With its clean energy mining platform, Iris is aiming to expand its hash rate – the computations required to mine new BTC blocks – from 0.7EH/s to 15.2EH/s.
(EH/s is the highest hash rate denomination, equivalent to one quintillion hashes per second)
Assuming a Bitcoin price of US$40,000, Iris is targeting near term revenue growth from ~US$90m to US$2bn, Tribeca said.
Green chemicals
Chemicals is a US$6tn sector globally, and it contributes around 20% of the global greenhouse emission total.
Like green food, there’s a market incentive and as that shift plays out, Warren’s near-term pick is the NYSE-listed Danimer Scientific (DNMR: NYSE).
DNMR is a pure-play developer of biodegradable PHA plastics, sourced from plant-based oils.

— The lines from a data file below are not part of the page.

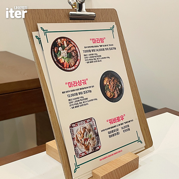 마라 홀릭은 메뉴판까지 깔끔합니다. 메뉴판이 집게로 되어 있어서 편한 것 같기도 하고 아닌 것 같기도.. 메뉴판을 보니 마라탕, 마라샹궈, 꿔바로우와 사이드 메뉴까지 알차게 있습니다. 저희는 마라탕 1개와 꿔바로우를 주문했습니다.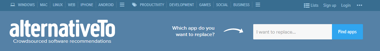 Ste že kdaj iskali oz. se spraševali, če obstaja alternativa določenemu programu, pa naj si gre za brezplačno opcijo ali bolj kvalitetno storitev? Spletna stran alternativeto.net nudi prav slednje. V iskalnik vnesemo ime programa oz. storitve, platforma pa nam bo navedla različne alternative, ki lahko zamenjajo našo trenutno rešitev. Spletna stran nam ponudi tudi kratke opise alternativnih rešitev, z navedeno podporo različnim platformam in operacijskim sistemom. Vsako alternativo pa lahko uporabniki tudi ocenimo, ter tako pomagamo novim uporabnikom pri iskanju najbolj primernih alternativnih rešitev in izbiri pravega orodja.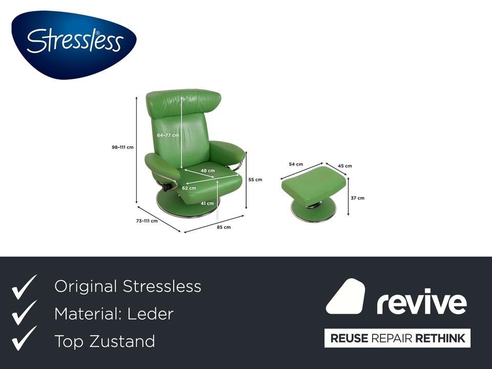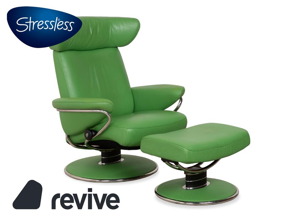 Entdecke den Stressless Relaxsessel in leuchtendem Grün. Dein Rückzugsort zum Abschalten und Krafttanken. Das skandinavische Design, die edle Lederpolsterung und die ergonomisch geformte Sitzfläche bieten dir pure Entspannung. Der separat stehende Hocker ermöglicht dir, die Beine hochzulegen und vollkommen zur Ruhe zu kommen. Die innovative Stressless-Gleit- und Drehfunktion sorgt für individuellen Sitzkomfort, ganz gleich, wie du dich bewegst.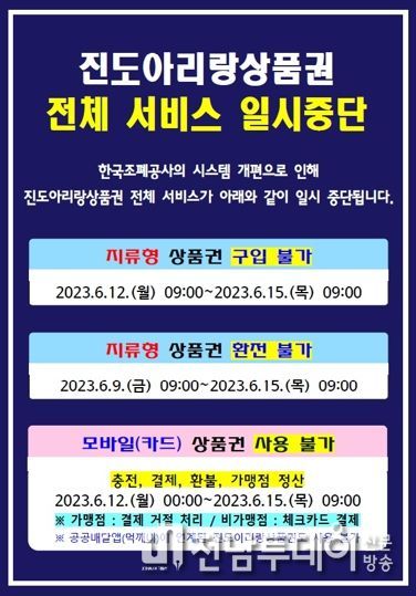 전남투데이 김완규 기자 | 진도군이 발행한 진도아리랑상품권이 오는 12일 0시부터 15일 오전 9시까지 사용이 일시 중단된다.

The sector has been in the development stage for a number of years, and Tribeca reckons its time has come.
“Every piece of plastic that’s been produced and hasn’t been manually burned still exists,” Warren says.
“So the advent of bioplastics is a significant opportunity.”
In DNMR’s case, the company has an early competitive advantage through its IP, with more than 150 patents in 20+ countries, Tribeca said.
Industry contracts are also typically ‘take or pay’ from blue-chip clients such as Walmart and GenPak, which helps guarantee cash flow.
With a strong sales pipeline, the company’s near-term growth opportunity is mainly by virtue of its expanding production base to meet that demand, Tribeca says.
DNMR shares currently trade for ~US$20, after reaching a high above US$60 in February 2021.
Industrial innovation
The fifth and final sector in Tribeca’s investment framework, industrial innovation relates to new technologies such as AI, robotics and the Internet of Things (IoT) that mining and construction companies can deploy to reduce their carbon footprint.
Tribeca’s pick in this space is the Chrysos Corporation, which is another Australian investment opportunity at the pre-IPO stage.
Chrysos’ specialty is in PhotonAssays – high energy x-rays that allow for the enhanced analysis of assay results for gold, silver and other elements.
The PhotonAssay technology was developed at the CSIRO, which remains a major shareholder.
And Tribeca says it’s “cheaper, faster, safer, and cleaner than traditional methods” of assay testing.
Chrysos “offers a unique solution to a range of operational, economic and ESG challenges facing mining and exploration companies”, Tribeca said.
And “with no direct competitors, the environmental benefit will grow in tandem with uptake of the technology”.
Tribeca joined the company’s share register as part a $50m raise in September.
The funds will go towards the construction of another nine assay units, with Chrysos targeting a global distribution reach of 80 units as it eyes an ASX listing in 2022.